- Problem to solve -
Pictures within the data are to be left out; everything else must be reproduced exactly.
--- The data ---
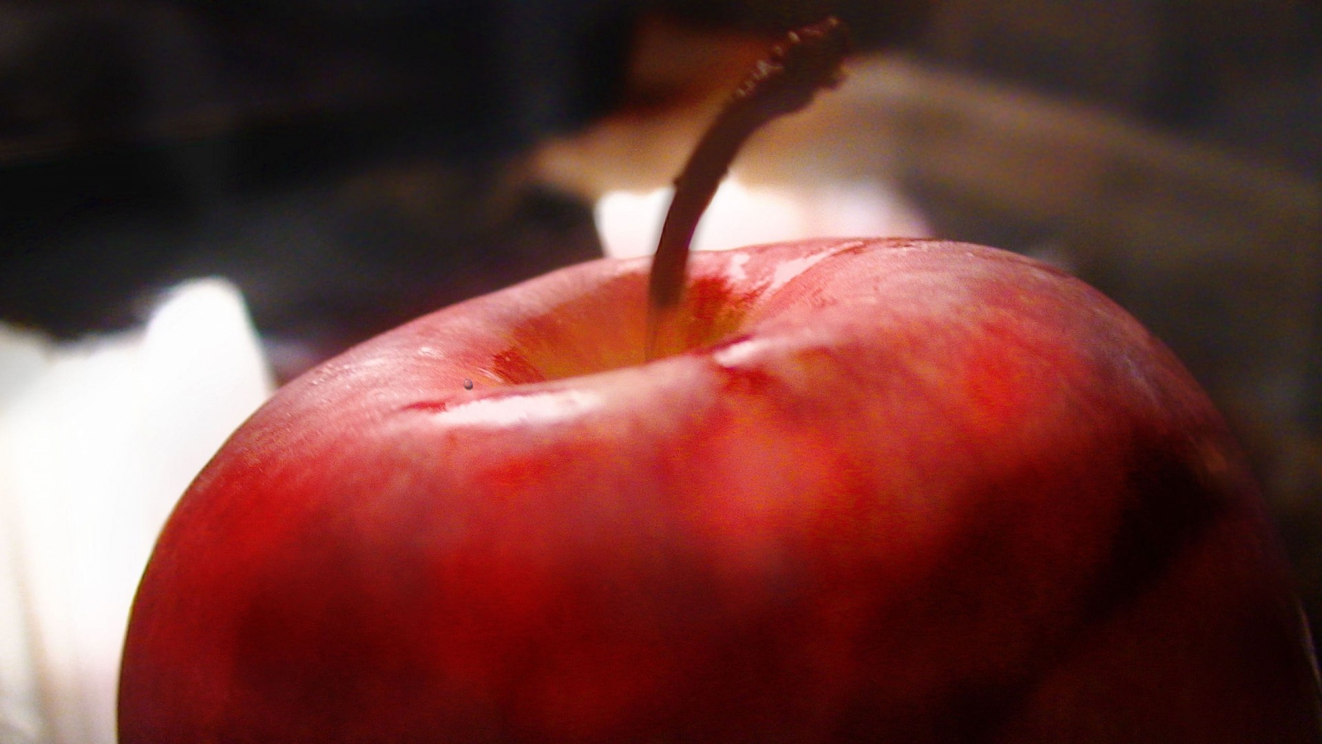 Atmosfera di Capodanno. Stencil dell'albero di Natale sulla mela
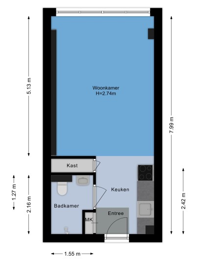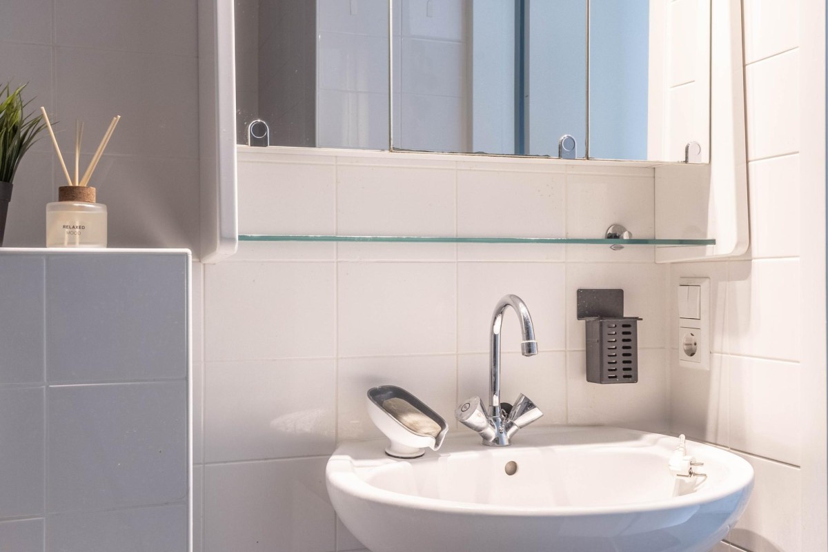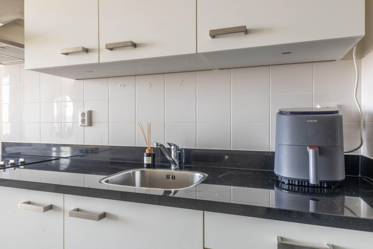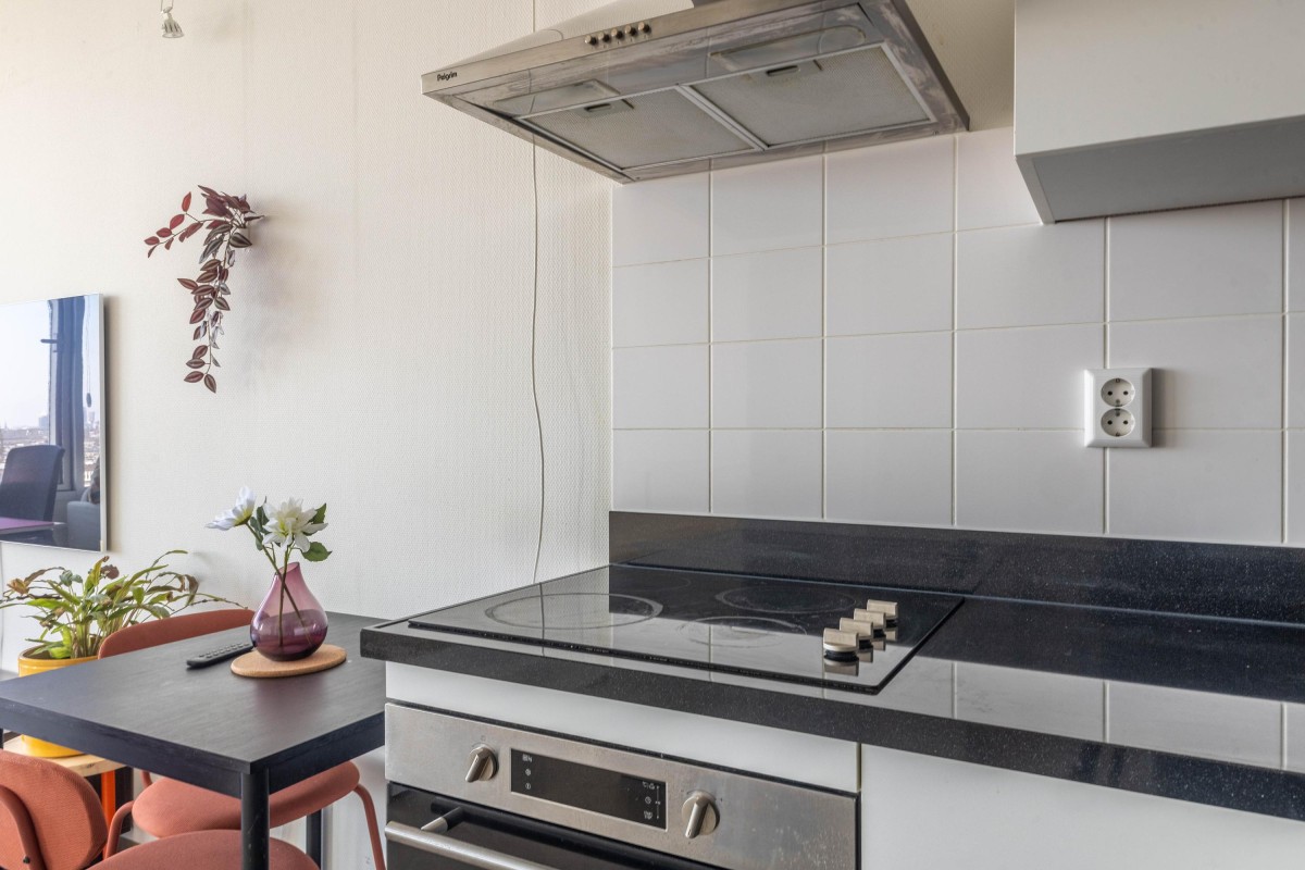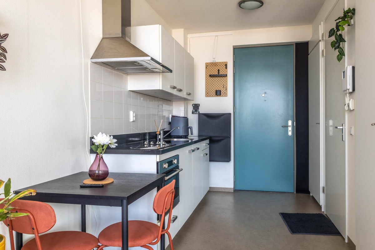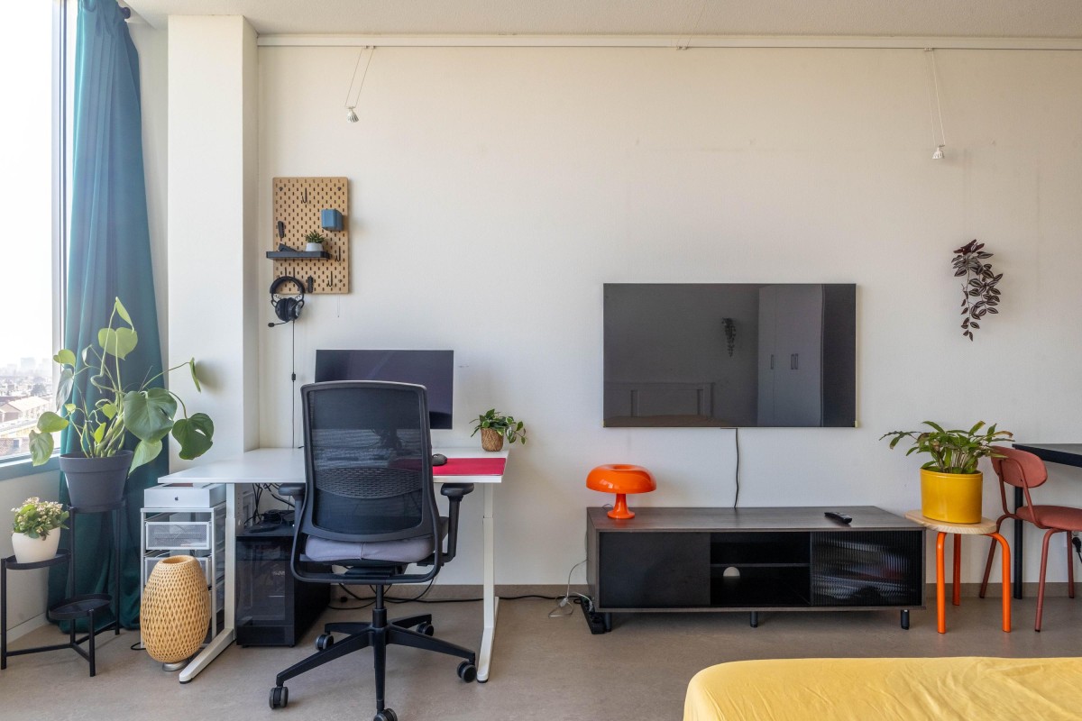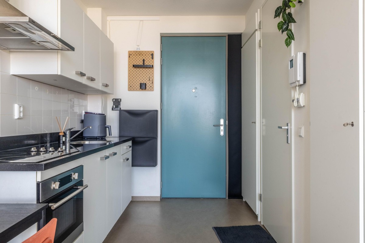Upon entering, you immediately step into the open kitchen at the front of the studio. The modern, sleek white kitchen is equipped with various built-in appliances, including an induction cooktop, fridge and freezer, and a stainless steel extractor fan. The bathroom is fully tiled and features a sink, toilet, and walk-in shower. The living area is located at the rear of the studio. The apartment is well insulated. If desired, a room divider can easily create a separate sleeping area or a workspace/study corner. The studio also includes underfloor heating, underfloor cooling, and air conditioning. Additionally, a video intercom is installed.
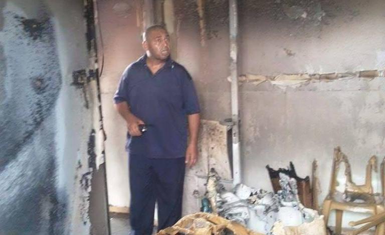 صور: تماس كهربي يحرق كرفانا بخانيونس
---
- Task solution -
 Atmosfera di Capodanno. Stencil dell'albero di Natale sulla mela
Upon entering, you immediately step into the open kitchen at the front of the studio. The modern, sleek white kitchen is equipped with various built-in appliances, including an induction cooktop, fridge and freezer, and a stainless steel extractor fan. The bathroom is fully tiled and features a sink, toilet, and walk-in shower. The living area is located at the rear of the studio. The apartment is well insulated. If desired, a room divider can easily create a separate sleeping area or a workspace/study corner. The studio also includes underfloor heating, underfloor cooling, and air conditioning. Additionally, a video intercom is installed.
 صور: تماس كهربي يحرق كرفانا بخانيونس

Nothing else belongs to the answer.